Безрод, ухмыляясь, кивнул.
– За каждую кровью заплачено! Моей и моих парней! – бушевал Крайр, потрясая пальцем перед рабынями, а те вжимались в стену, как могли.
Безрод, слушая «медведя» вполуха, бродил вдоль строя рабынь и на каждой подолгу задерживал взгляд.

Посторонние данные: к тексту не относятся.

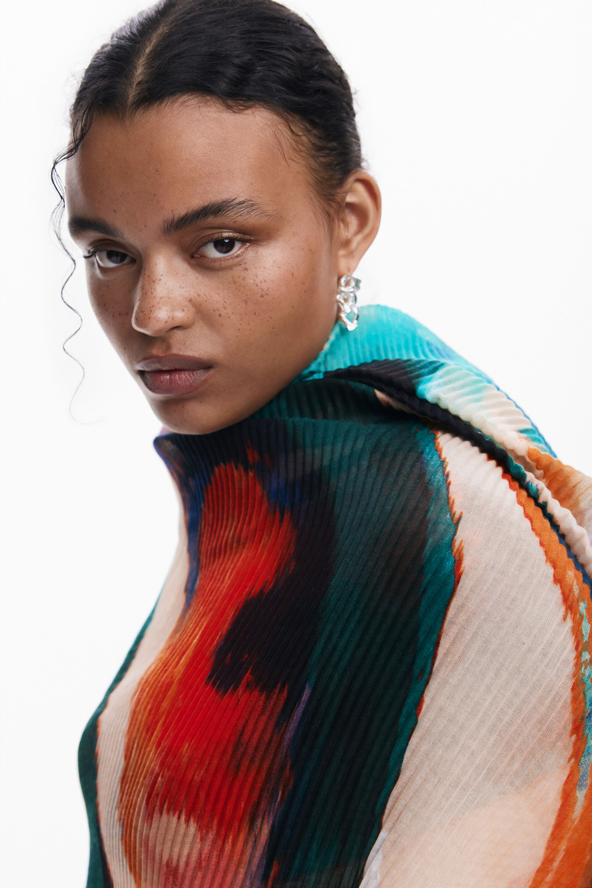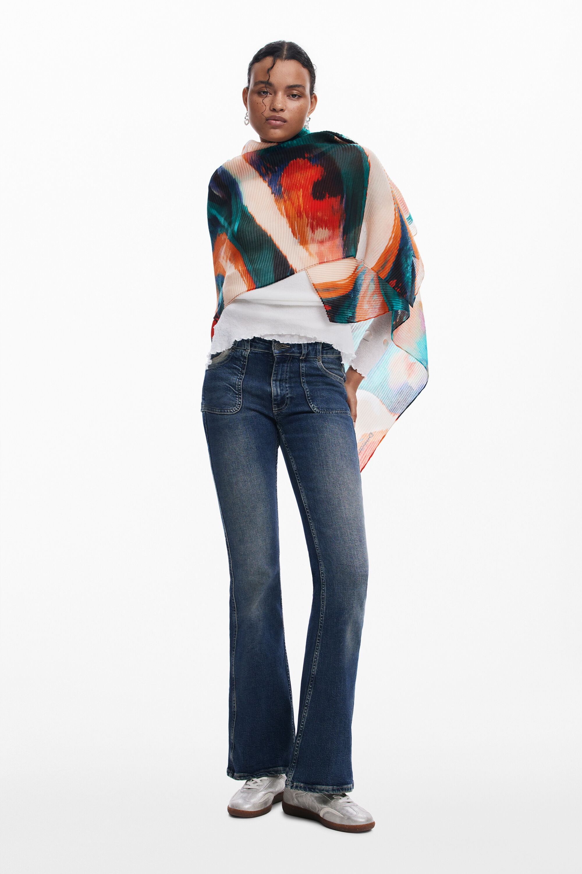 Rectangular scarf in soft and lightweight fabric with colorful printFit:

– Выбрал? – буркнул хозяин.
– Нет.
Теперь и сам был готов смеяться. Вот тебе и Торжище Великое! Безрод повернулся было уходить, уже дверь отворил, – и ровно почуял что-то. Обернулся. Крайр досадливо чесал пятерней загривок, заросший седой шерстью. Подручные зло пыхтели где-то в глубине загона, и там, куда не доставал свет, угадывалась непонятного толка возня. Кто-то стонал, слышались глухие удары и отборная брань. Безрод медленно опустил ногу, повернулся и покосился в темный угол загона. Прищурился и бросил на хозяина вопросительный взгляд.
– Эта? – недоумевающе воскликнул Крайр, вытянув ручищу в темноту. – Эта не продается.
– Почему?
– Да потому что не продашь! – Крайров гогот под низкой кровлей загона стал подобен грому. Так же заложило уши, рабыни что-то зашептали, творя обережные знамения.
Безрод молча ждал пояснений, и «медведь», отсмеявшись, мгновенно посерьезнел. Глядишь, и случится чудо, – может быть, удастся сбыть эту дикую кошку с рук.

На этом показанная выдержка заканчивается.